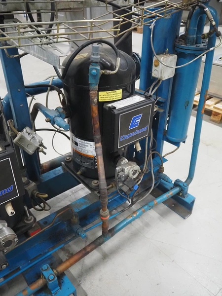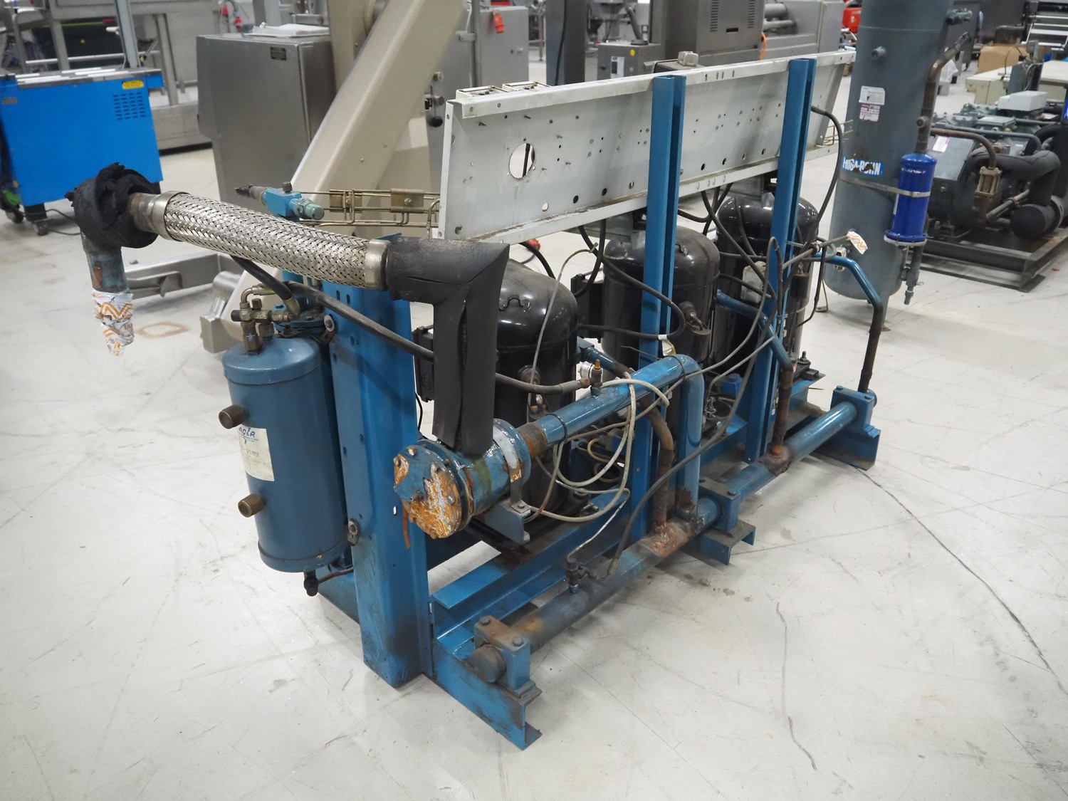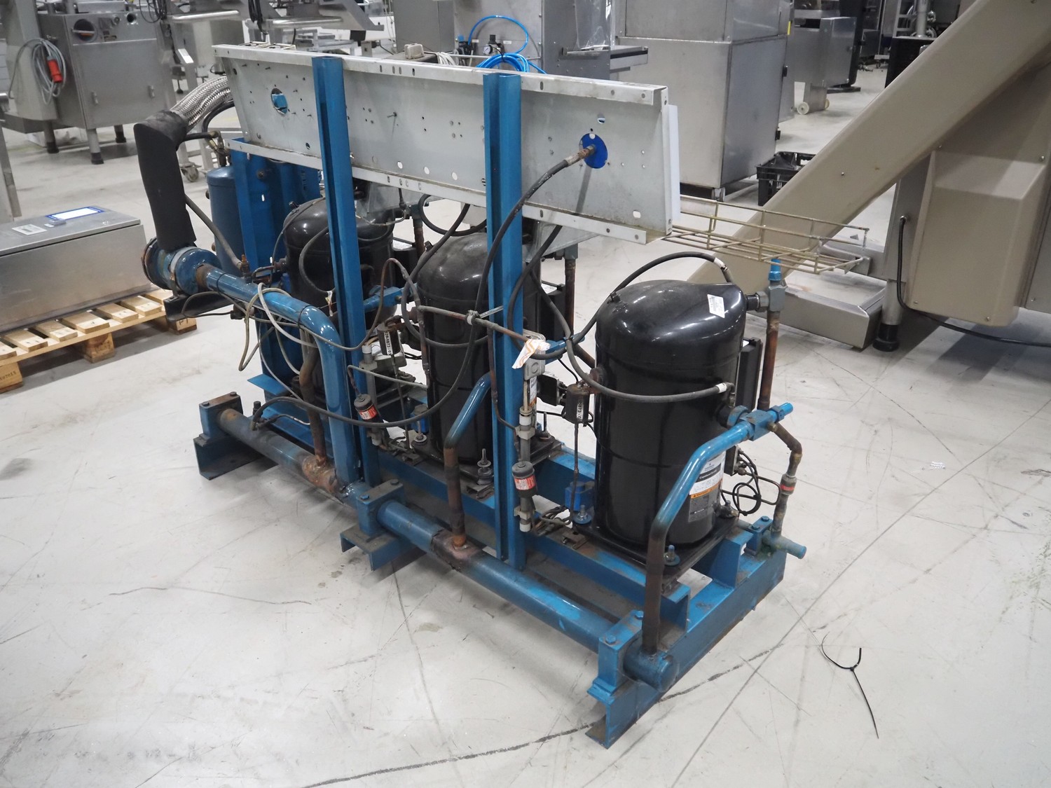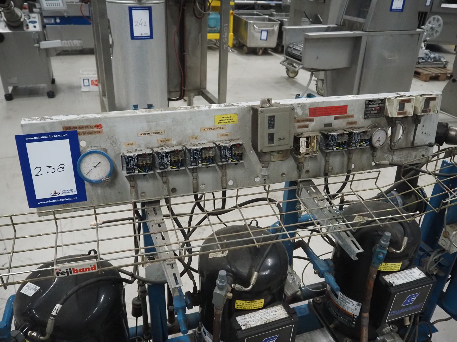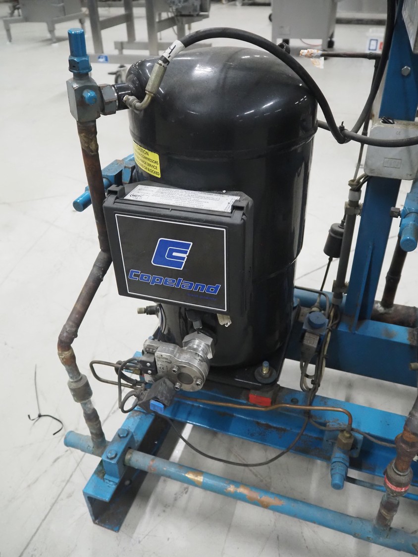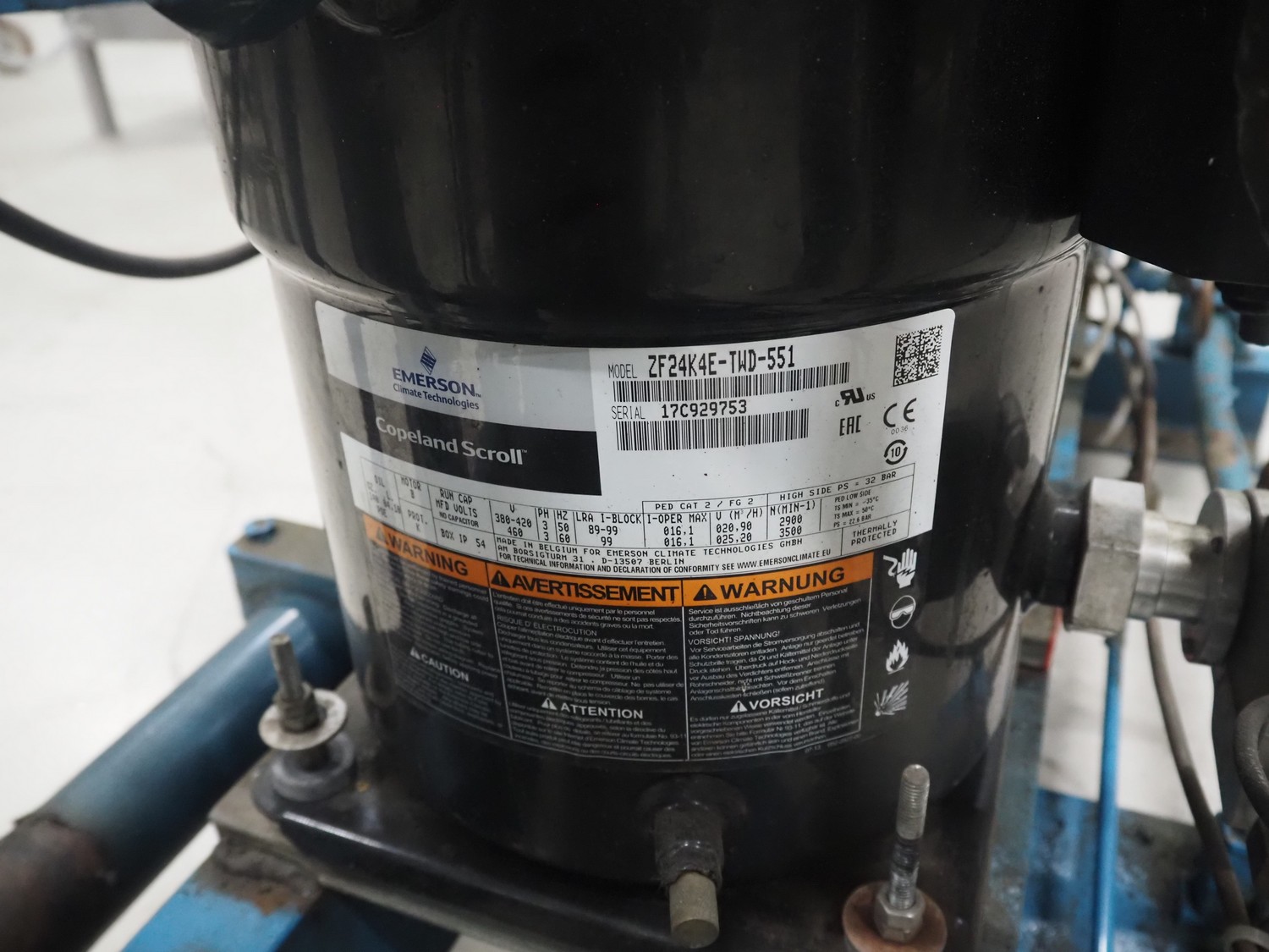 Copeland Scroll compressor rack with 3 scroll cooling compressors, model: ZF24K4E-TWD-551, serial number: 18K929803, 17C929753 and 18H916422, refrigerant: R449, dimensions: 2150 mm x 600 mm x 1200 mm.
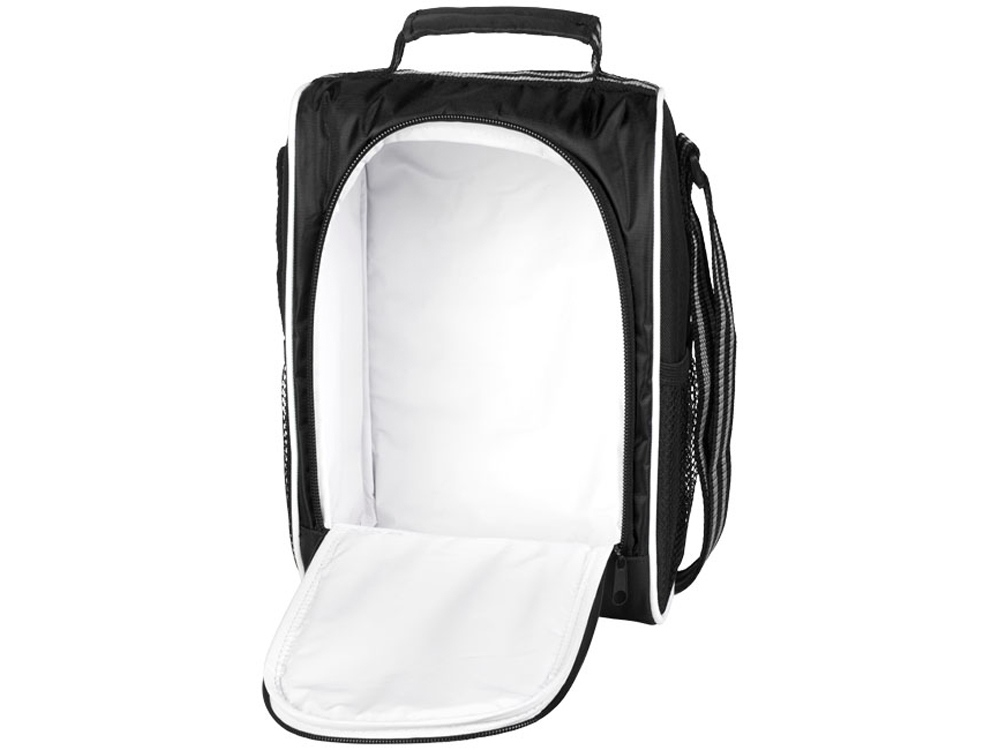 Спортивная сумка-холодильник для ланчей. Практичная и прочная сумка для ланчей с основным отделением с изолирующим слоем и застежкой-молнией и боковыми сетчатыми карманами. В сумке также предусмотрена короткая ручка и удобный регулируемый плечевой ремень. Полиэстер 420D.
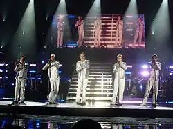 Aufgrund des Publikumszuspruchs entwickelte sich aus diesem Auftritt die Überlegung eines gemeinsamen musikalischen Projektes.[9] Im Rahmen der American Music Awards 2010 präsentierten sich beide Gruppen als NKOTBSB erstmals mit einer choreografierten Show, in der ein Teil ihrer jeweiligen Hits miteinander verwoben worden war. Anlässlich der traditionellen Silvesterfeier folgte ein zweiter Auftritt vor etwa einer Million Menschen am New Yorker Times Square. Mit Don’t Turn Out the Lights veröffentlichten NKOTBSB im Dezember 2010 ihre erste gemeinsame Single, die Platz 14 in den Billboard Hot 100 erzielte.[10] Im Mai 2011 folgte die Veröffentlichung einer Kompilation, die jeweils fünf Hits der beiden Bands sowie zwei neue Titel und ein Mashup enthielt. Das Album stieg auf Platz sieben der Billboard 200 ein, in Kanada erreichte es Position sechs.[11] Unter dem Titel One night – One stage – Once in a lifetime waren die beiden Gruppen von Juni 2011 bis Mai 2012 gemeinsam auf Welttournee; dabei gastierten sie unter anderem im historischen Fenway Park in Boston.[12] Am 29. April 2012 wurde eines ihrer Konzerte aus der O2Arena in London live in 400 Kinos in Europa sowie weltweit per Stream übertragen.
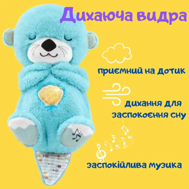 М'яка іграшка нічник спляча Видра дихає зі звуком Видря Блакитний
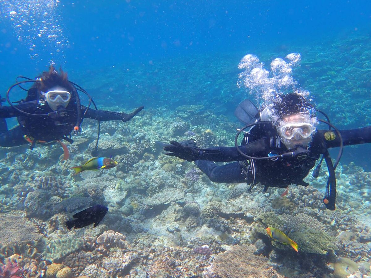 1人に1人づつインストラクターが付いてくれて、安心して潜れました。妻が船酔いしてしまいなかなか潜れなかったのですが、丁寧に付き添っていただいて、一緒に潜ることができて良かったです。
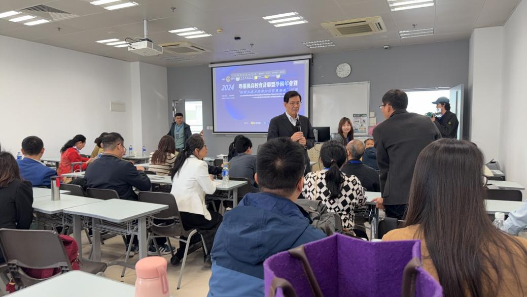 (通讯员:朱文翰、匡全禄)2024年11月29日,William威廉官网,William威廉官网院长谢林林教授与William威廉官网常务副院长李美珍教授共同率领会计系主任白雪、会计系副主任朱文翰、评建专员匡全禄老师等一行,参加了由澳门科技大学承办的粤港澳高校会计联盟2024年学术年会暨“新质生产力与会计高质量发展”论坛。此次盛会汇聚了来自粤港澳大湾区的众多高校会计领域的专家学者,共同探讨会计行业的新趋势与挑战。
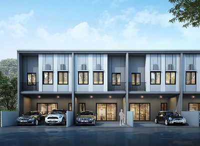 แบบบ้านทาวน์โฮม 2 ชั้น จอดรถได้ 2 คัน กลิ่นอายแบบเมืองนิวยอร์ค
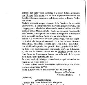 Vedo la necessità sempre crescente della Orazione , la necessità del Miracolo , la indisposizione a riceverlo ; perciò conviene , che ci appoggiamo alla divina Misericordia , onde trionfi su tutti i bisogni di tutto il Mondo in tutti i punti , ma per carità ricordi nelle sue Orazioni , che il punto del Mondo il bisognoso , e indisposto sono io , perciò preghi , e faccia pregare senza fine p . me .
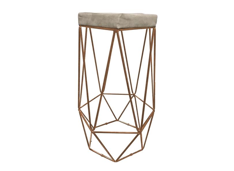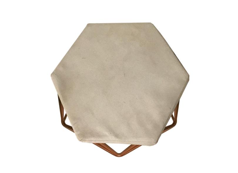 Banqueta Hexagonal Aramado Cobre Suede Bege
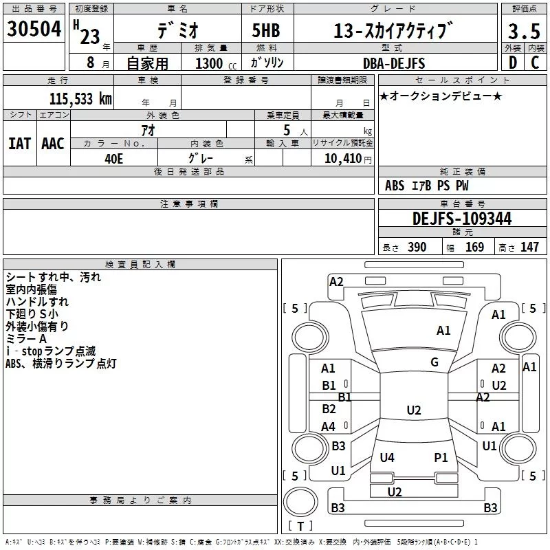 Mazda DEMIO с аукциона Японии TAA Hyogo лот № 30504
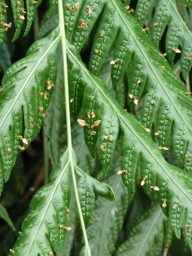 小高い山の小さな小川沿い、北向きの斜面に大きなシダが生えていた。葉の長さは1.5mほど。おおきい!大きいシダは、南国にきた気分にさせる。
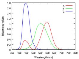 根據CIE標準,人眼對光以及顏色的視覺響應曲線如下圖所示,、
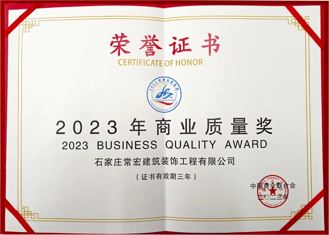 首頁(yè)> 關(guān)于我們> 公司新聞> 喜報(bào) | 常宏裝飾榮獲“2023年商業(yè)質(zhì)量獎(jiǎng)”
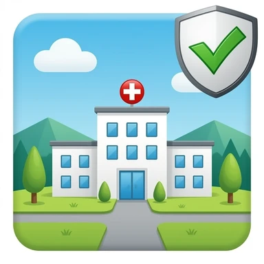 Hospital con la cruz arriba y superpuesto encima a la derecha un escudo con un tick dentro emoji
***
> _Task to complete_
Each line from the one holding "首頁(yè)> 關(guān)于我們> 公司新聞>" through the last line of the records above must be duplicated exactly, and pictures must not be.

> _Response to this exercise_
 首頁(yè)> 關(guān)于我們> 公司新聞> 喜報(bào) | 常宏裝飾榮獲“2023年商業(yè)質(zhì)量獎(jiǎng)”
 Hospital con la cruz arriba y superpuesto encima a la derecha un escudo con un tick dentro emoji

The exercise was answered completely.